[Start of Attachment]
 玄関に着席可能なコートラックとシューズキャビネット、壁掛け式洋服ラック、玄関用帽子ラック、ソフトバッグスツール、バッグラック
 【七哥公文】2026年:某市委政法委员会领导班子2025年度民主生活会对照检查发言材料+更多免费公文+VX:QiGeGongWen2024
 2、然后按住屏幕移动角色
[End of Attachment]
[Start of Attachment]
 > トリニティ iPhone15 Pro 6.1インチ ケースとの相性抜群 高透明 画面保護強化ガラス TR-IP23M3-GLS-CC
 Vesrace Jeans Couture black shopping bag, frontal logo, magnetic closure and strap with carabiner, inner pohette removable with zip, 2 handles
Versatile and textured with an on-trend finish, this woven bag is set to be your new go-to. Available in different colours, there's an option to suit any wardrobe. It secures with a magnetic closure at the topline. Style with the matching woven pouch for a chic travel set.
[End of Attachment]
[Problem]:
The lines above from the one with "玄関に着席可能なコートラック" through the one with "2、然后按住屏幕移动角色" are to be duplicated exactly, ends included, with nothing added.

[Expected answer]:
 玄関に着席可能なコートラックとシューズキャビネット、壁掛け式洋服ラック、玄関用帽子ラック、ソフトバッグスツール、バッグラック
 【七哥公文】2026年:某市委政法委员会领导班子2025年度民主生活会对照检查发言材料+更多免费公文+VX:QiGeGongWen2024
 2、然后按住屏幕移动角色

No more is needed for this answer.